Three concrete reasons:

  • Reproducibility. An agent that reports a blast radius at graphHash=abc123 and a human reviewer who re-runs codehub analyze should see the same graph. If the hash diverges, the agent’s claim is not auditable.
  • Cache-safety. codehub status and CI runners assume that two analyze runs at the same commit have the same output. Without determinism, incremental caches would drift silently and staleness detection would get unreliable.
  • Regression testing. Every feat or refactor that touches the ingestion pipeline has to demonstrate it did not move the hash unintentionally. Determinism makes that assertion possible in one line of CI.

An input is:

  • Source tree contents at the current commit.
  • Toolchain versions (Node 22 or 24, pnpm 10.x, tree-sitter grammars pinned in packages/ingestion/package.json, SCIP indexer versions pinned in .github/workflows/gym.yml per ADR 0006).
  • OpenCodeHub version (the monorepo version pinned in release-please).
  • Any user-supplied configuration (AGENTS.md overrides, .codehub/ config).
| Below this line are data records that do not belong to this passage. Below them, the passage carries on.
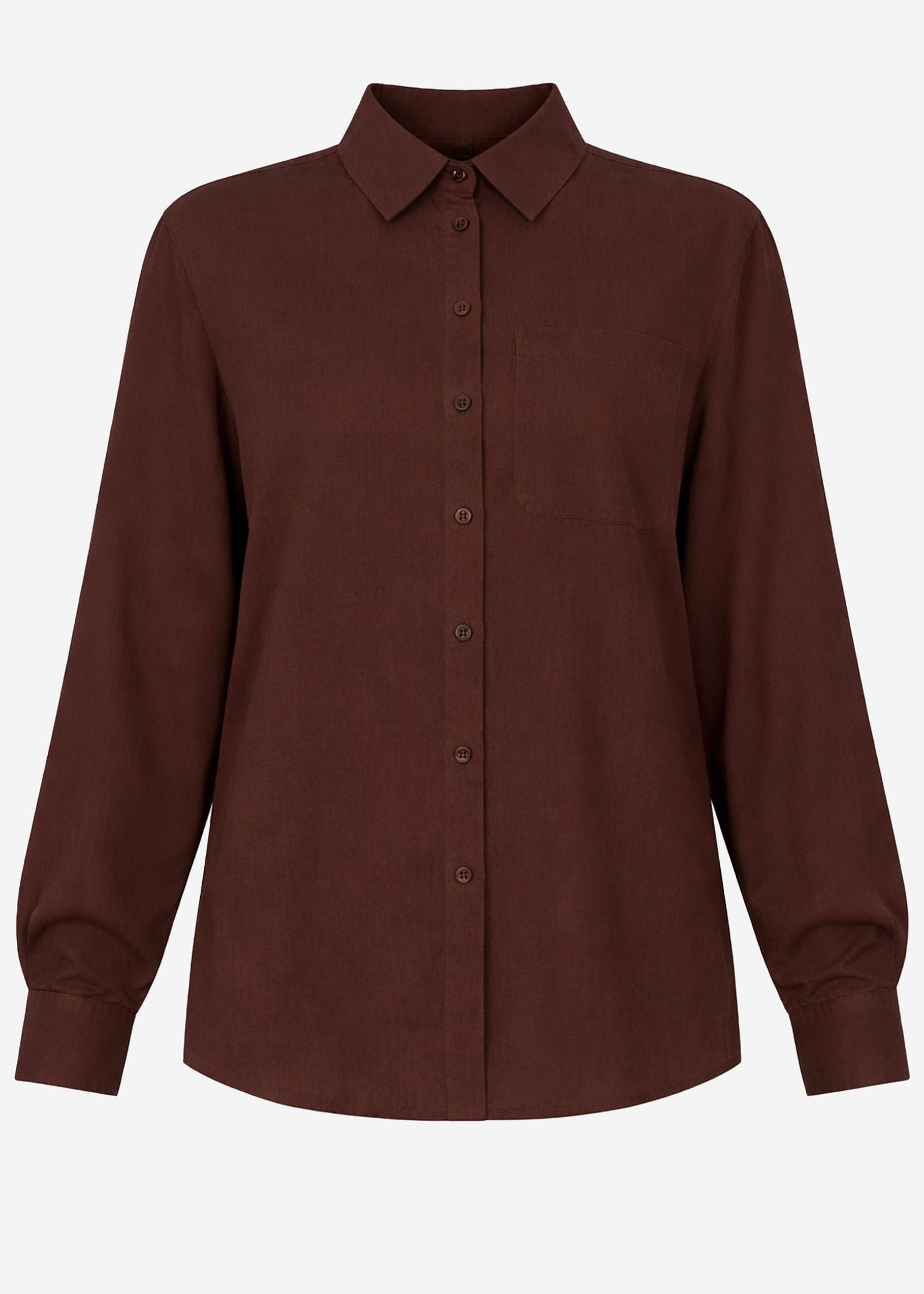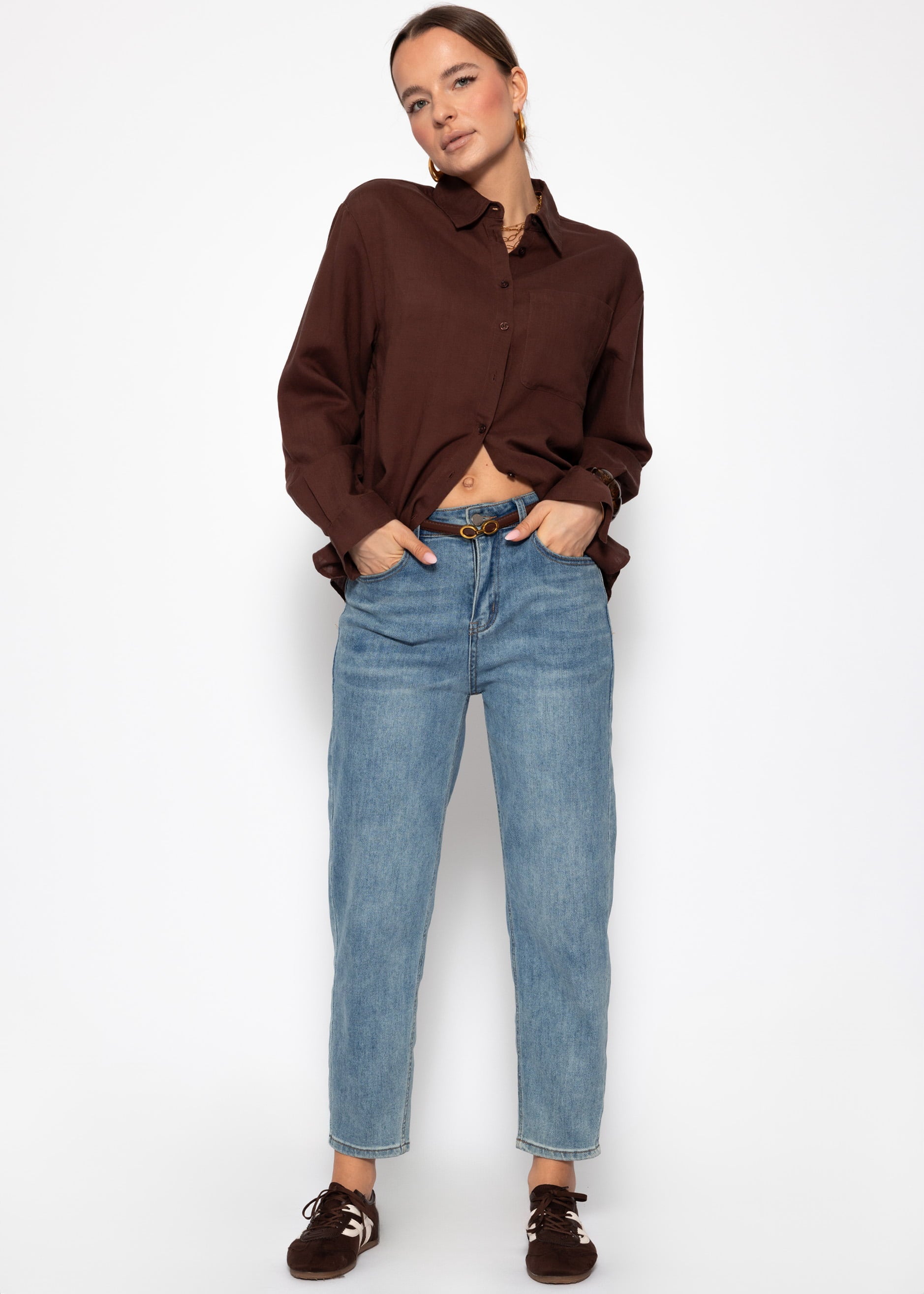 This airy, light shirt blouse made of high-quality linen mix impresses with its relaxed, yet stylish look. The loosely cut fit with a classic shirt collar, continuous button placket and patch on the breast pocket gives the blouse a timeless character. It is therefore perfect for casual summer looks or relaxed office outfits. The long sleeves with cuffs provide an elegant silhouette, while the linen material ensures a comfortable fit. The back convinces in the clean look with a subtle shoulder adit. The design is supplemented by a rounded hem that falls loose and modern.
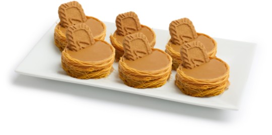 Nid de vermicelles croustillants, généreusement farci de chocolat Lotus et couronné d’un biscuit Lotus. A crispy vermicelli nest, generously filled with Lotus chocolate and topped with a Lotus biscuit.
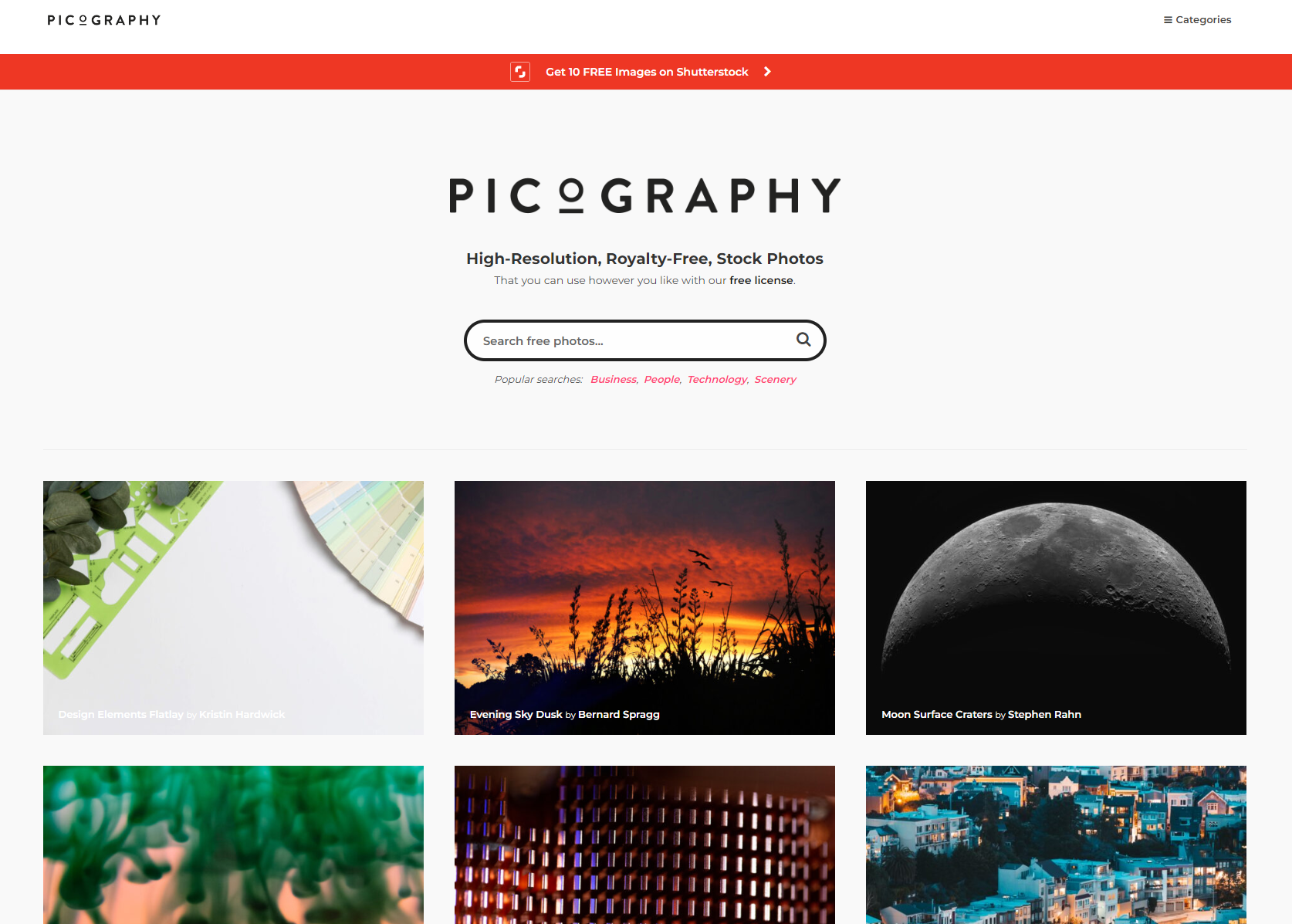 일곱 번째로 소개해드리는 사이트는 피코그래피입니다. 고해상도의 무료 이미지를 찾고 있다면 피코그래피도 적절한 대안이 될 수 있을 것 같습니다. 다른 사이트와 마찬가지로 상업적, 비상업적인 용도로 사용이 가능합니다.
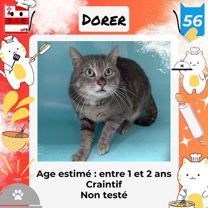 Dorer, mâle de 1-2 ans craintif (un comportement normal en fourrière) qui vous attend dans une fourrière du 56. ATTENTION SORTIE AU PLUS TARD LE 19/04/2023 (avant euthanasie) !
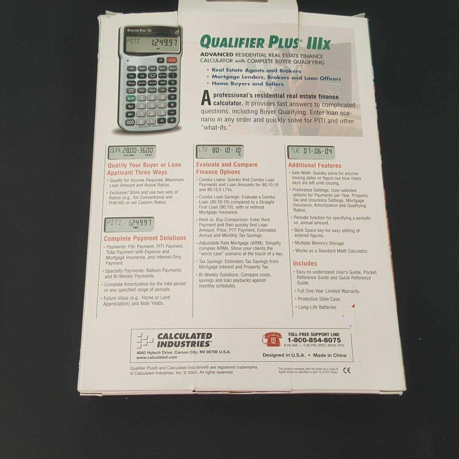 With the Qualifier Plus IIIX you can pre-qualify clients quickly and easily. . Versatile Buyer Pre-Qualifying for Conventional and FHA/VA Loans. – Amortization with Remaining Balances. – Future Value, Property Appreciation. – Complete Payment Solutions Including PITI, Interest-Only, Bi-Weekly Loans, ARMs. – Calculate Combo Loans (80:10:10), 80:15:5). Calculated Industries Qualifier Plus IIIX 3415 Advanced Real Estate Finance Calculator
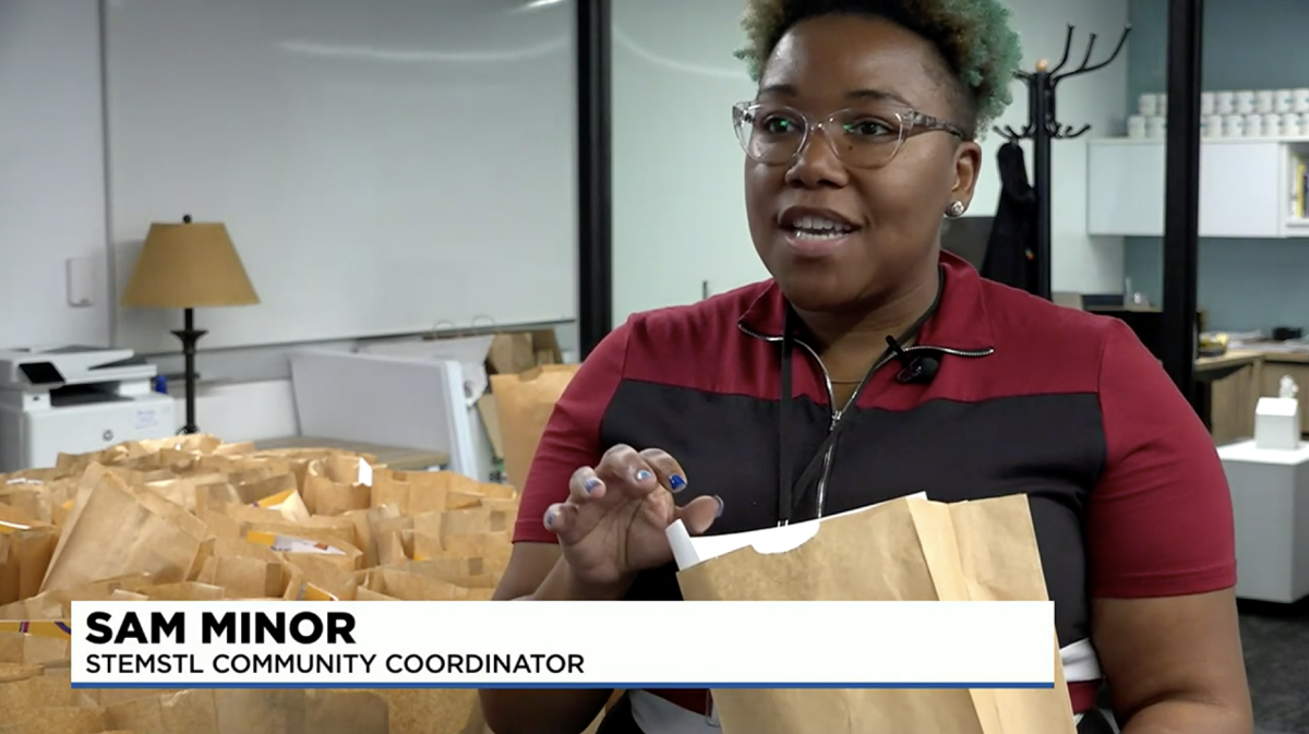 Sam Minor, the community coordinator for STEM STL, said, “We have instructions for like rain clouds in a jar, some wonderful coloring sheets. These aren’t your typical coloring sheets, you have to solve math problems to complete them. Lowes, they donated some seed growing kits.”
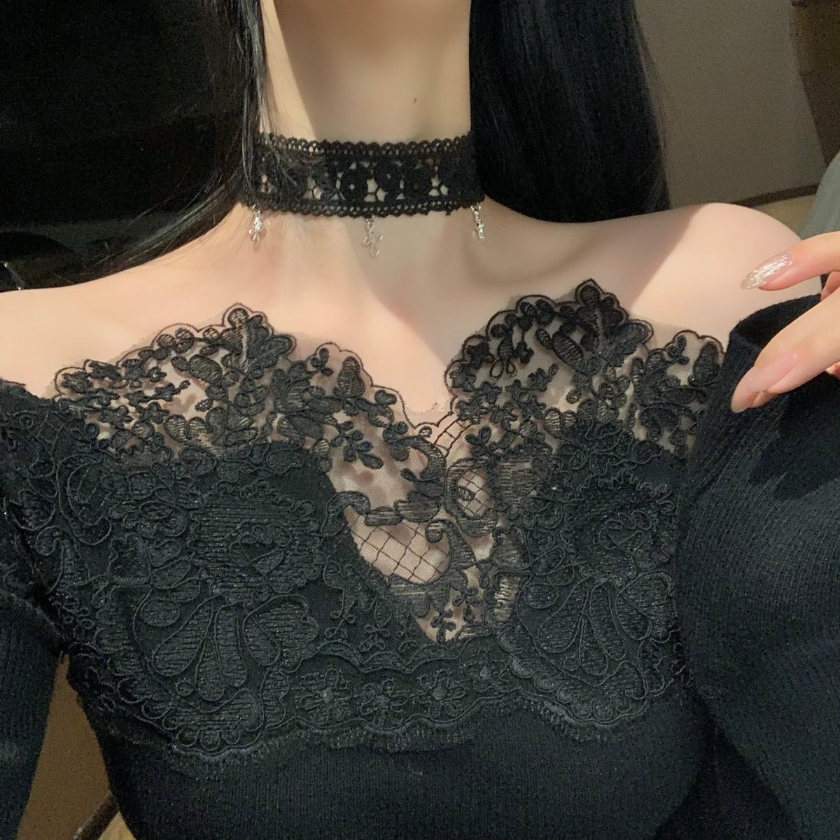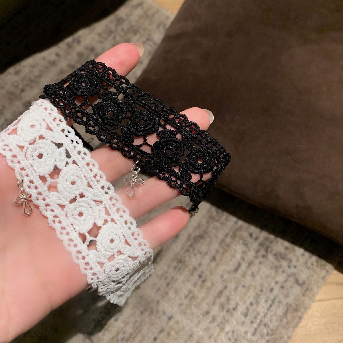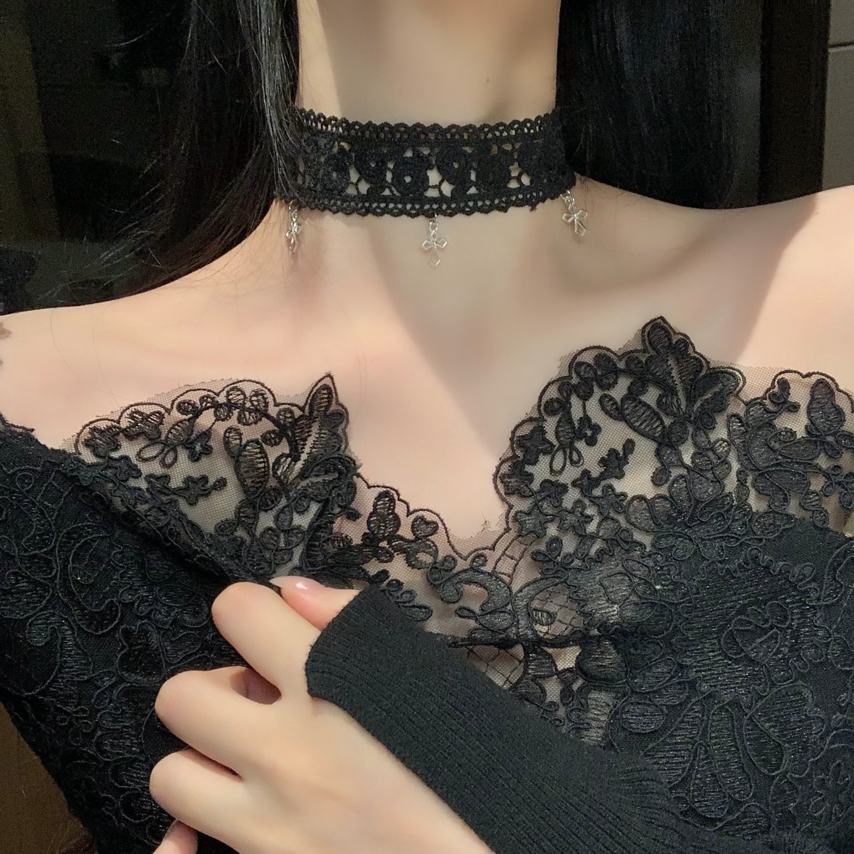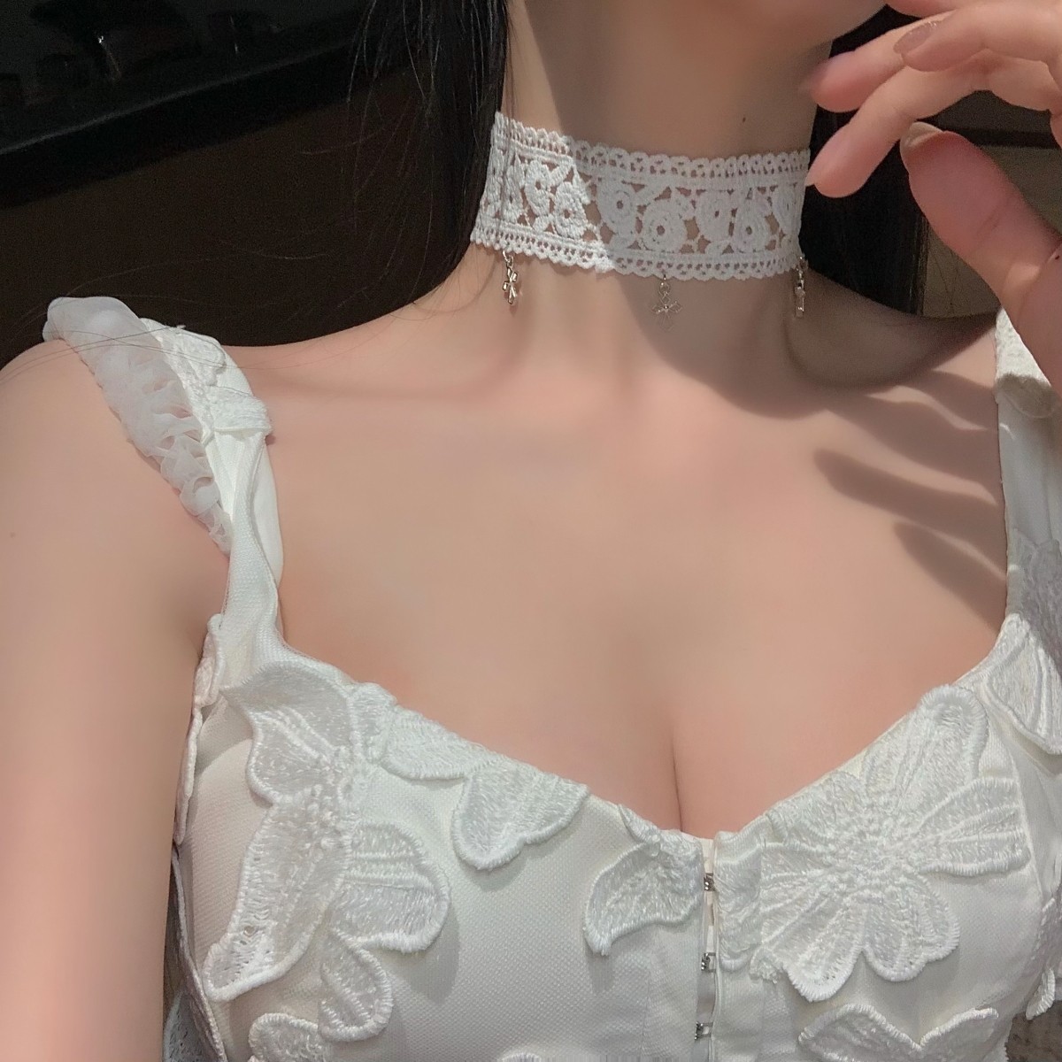 超仙白色蕾丝十字架锁骨颈链配饰高级感网红项链爆款蝴蝶结锁骨链

Anything outside that list — wall-clock time, process ID, file-system inode ordering — must not influence the hash. The ingestion phases are pure: inputs in, relations out, no ambient state.

The graphHash invariant is backend-independent. A repo indexed into LadybugDB (graph.lbug) and the same repo indexed into the single-file DuckDB layout (graph.duckdb) at the same commit produce the same hash. A parity gate in CI compares the two hashes on every PR that touches the storage layer.

Acceptance gate 6 is the regression test. It:

  1. Copies a fixture repo into two temp directories.
  2. git init + commit each (identical tree → identical commit hash).
  3. Runs codehub analyze --force --skip-agents-md against each, capturing the printed graphHash.
  4. Asserts the two hashes are byte-identical.

If the hashes diverge, the gate fails and the acceptance run exits non-zero. See scripts/acceptance.sh gate 6 for the exact script.

Two adjacent gates reinforce the contract:

  • Gate 10 — embeddings determinism. Runs the same double-analyze with --embeddings. Skipped if model weights are not present locally. Advisory-only today because embeddings do not yet propagate into the headline graphHash; the gate prints the hashes so a reviewer can spot drift manually.
  • SCIP indexer regression CI (.github/workflows/gym.yml). Bit-exact re-invocation of the pinned SCIP indexers against the frozen baseline. Catches drift introduced by an indexer bump before it lands in main.

Full analyze and incremental re-analyze at the same commit must produce identical hashes (this is asserted explicitly in the determinism CI gate, not just on a clean tree). That is the “full vs incremental byte-identical” invariant called out in ADR 0002.

codehub analyze --offline is a separate but related guarantee: zero sockets opened during the run. The flag disables every non-filesystem I/O path in the pipeline (no SCIP indexer downloads, no remote embedder, no Bedrock summarize calls).

“Zero sockets” is the literal, measurable claim. It is testable by running under strace -e connect or the equivalent on macOS (dtruss); a socket attempt is a bug.

Why it matters: OpenCodeHub is local-first. Your code never leaves your machine by default. The --offline flag makes that an enforceable contract for users who need to prove it.

Sources of non-determinism we actively guard against

Section titled “Sources of non-determinism we actively guard against”

Ingestion phases are reviewed for the usual suspects:

  • Set / map iteration order. All emitted records are sorted by a stable key before being persisted. Providers that emit extractPropertyAccesses must return records sorted by (enclosingSymbolId, propertyName, startLine) — see the LanguageProvider interface docstring.
  • Date.now(), crypto.randomUUID(), any Math.random(). Banned in ingestion code. The graph-hash computation uses content hashes, never timestamps.
  • File-system walk order. readdir results are sorted by byte value before dispatch.
  • Parallel worker output ordering. Worker pools emit into per-worker buffers that are concatenated in deterministic file order at join time.

A fresh contributor reviewing a PR that adds a new phase should ask: “If I ran this twice on the same commit, would I get the same bytes?” If the answer is not obviously yes, the phase is wrong.

  • ADR 0001 — Storage backend — “Deterministic writes given identical INSERT order” is a listed positive of DuckDB vs. engines with random header UUIDs.
  • ADR 0002 — Rust core deferred — calls out the “full vs incremental graphHash byte-identical” determinism CI gate explicitly.
  • Contributing overview — Tenets — “Determinism is non-negotiable” is the first tenet in CONTRIBUTING.md.
  • scripts/acceptance.sh gate 6 — the runtime regression test.